Tuesday, October 11, 2011

Batman and Robin #1

DC Comics, 20 pages, $ 2.99

Writer: Peter J. Tomasi
Penciler: Patrick Gleason
Inker: Mick Gray
Colorist: John Kalisz
Letterer: Patrick Brosseau

As the title would suggest, this book is very much about the relationship between Batman and Robin. The big difference, compared to its previous incarnation, is that Batman is now Bruce Wayne again, and that may be part of the reason why this title is considerably less successful at what it does than Grant Morrison’s take.

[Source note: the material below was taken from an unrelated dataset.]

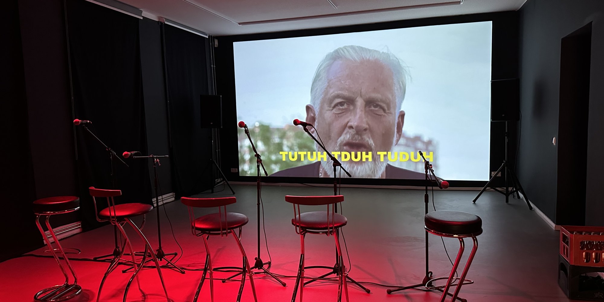 A karaoke bar where the sounds are not trite pop songs, but authentic sounds of war. The project Repeat After Me (2022-2024), presented by the originally Lviv-based collective Open Group at the Venice Biennale in 2024 and now being shown for the first time in the Czech Republic, subverts a familiar entertainment format into a chilling testament to trauma, memory, survival - and empathetic sharing. What we tend to dismiss as too superficial and entertaining is here transformed into a language of experience that cannot be overheard. Moreover, thanks to the conditions of the Olomouc installation, in the proper context of a night of fun without responsibility.

Whereas Dick Grayson—a.k.a. Nightwing, a.k.a. the first Robin, who had succeeded Wayne as Batman in the last series—is a much more lighthearted, more joyful character than the brooding, snotnosed Damian, who still appears as Robin here, Wayne himself—Damian’s father—doesn’t offer much of a contrast. He’s different from Damian, all right, but ultimately, it’s just a different, more mature kind of brooding and snotnosed, and that dynamic is much harder to pull off. Tomasi and Gleason don’t really manage to.

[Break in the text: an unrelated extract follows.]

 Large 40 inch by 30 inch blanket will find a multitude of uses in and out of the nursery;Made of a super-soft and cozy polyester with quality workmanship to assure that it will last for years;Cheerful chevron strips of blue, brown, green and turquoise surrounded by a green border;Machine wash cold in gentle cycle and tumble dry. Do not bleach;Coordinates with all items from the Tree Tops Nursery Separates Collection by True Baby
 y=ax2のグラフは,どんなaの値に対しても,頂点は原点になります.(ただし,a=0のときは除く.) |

The creators’ handle of Damian is solid enough, but Tomasi’s Batman seems phony more times than not. It seems wrong for Batman to spend a lot of time pondering whether it makes more sense to honor his parents’ death or their marriage. It seems wrong for him to be talking about something like this, certainly, even to his son.

His overall behavior towards Damian seems preachy, negligent and unduly cruel all at once, which I doubt is what Tomasi was going for—Batman takes his 10-year-old on a mission, watches him almost get killed, watches him kill people, and then even blames it on the kid and gives him a dressing down? If the point of the story were to portray Batman as a dangerous lunatic who should steer clear of kids, then fair enough. But I don’t think that’s what Tomasi had in mind. You can make this story work, but here, it doesn’t.

Tomasi also takes some rather cheeky storytelling shortcuts. There happens to be a big handy swimming pool right above the nuclear facility? Get out of here. Patrick Gleason’s art is quite fun, on the other hand. He’s a good storyteller with a pleasant and distinctive style, so the story works on that level, at least.

I can see how a book focusing on the new Batman/Robin dynamic can be worthwhile, generally, but this isn’t there yet.